[Records excerpted from a collection]
[Start of Attachment]
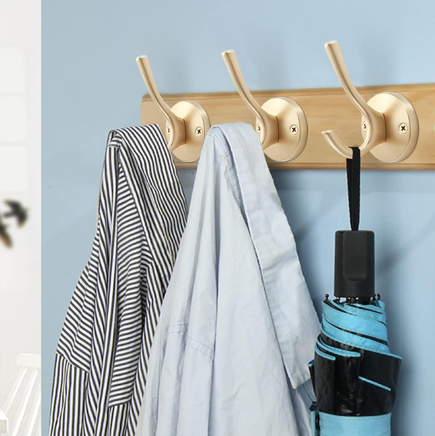 Gold Wall Hooks, 6 Pack Coat Robe Hook Heavy Duty Metal Double Bath Hook Wall Mounted, Hand Towel Hooks for Cubicle Bathroom Kitchen Closet Garage
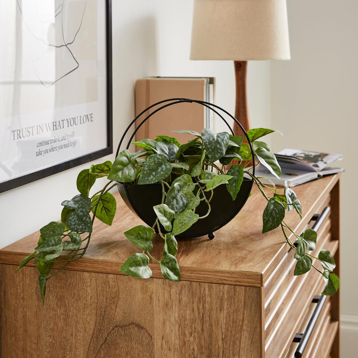 * Artificial trailing plant * Vase made from metal * Indoor use only Enhance your space with this lifelike artificial trailing plant in a sleek round metal vase. Designed for effortless elegance, its lush green foliage adds a touch of nature without the upkeep. Simply wipe clean with a soft cloth to keep it looking fresh.
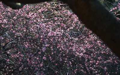去年よりは、少し遅めですが、傘のように広がるしだれ梅が見事です。
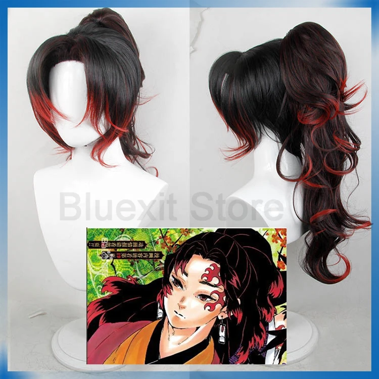 Kimetsu No Yaiba Tsugikuni Yoriichi Perruque Demon Slayer Queue De Cheval Longue Bouclee Degrade Noir Rouge Boucles Cosplay Cheveux Halloween Aliexpress
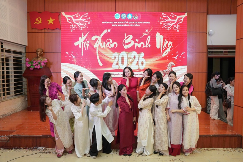 Hội Xuân Bính Ngọ 2026 của Khoa Ngân hàng – Tài chính đã diễn ra thành công tốt đẹp, để lại nhiều dấu ấn sâu sắc và cảm xúc trọn vẹn trong lòng giảng viên, sinh viên toàn Khoa. Chương trình là dịp để cùng nhìn lại những thành quả đã đạt được trong năm qua, đồng thời gửi trao những lời chúc tốt đẹp cho một năm mới an khang – thịnh vượng – thành công.
[End of Attachment]
Produce an exact copy of the lines from the line containing "Kimetsu No Yaiba" through the last line of the records, with no pictures and no other text.

 Kimetsu No Yaiba Tsugikuni Yoriichi Perruque Demon Slayer Queue De Cheval Longue Bouclee Degrade Noir Rouge Boucles Cosplay Cheveux Halloween Aliexpress
 Hội Xuân Bính Ngọ 2026 của Khoa Ngân hàng – Tài chính đã diễn ra thành công tốt đẹp, để lại nhiều dấu ấn sâu sắc và cảm xúc trọn vẹn trong lòng giảng viên, sinh viên toàn Khoa. Chương trình là dịp để cùng nhìn lại những thành quả đã đạt được trong năm qua, đồng thời gửi trao những lời chúc tốt đẹp cho một năm mới an khang – thịnh vượng – thành công.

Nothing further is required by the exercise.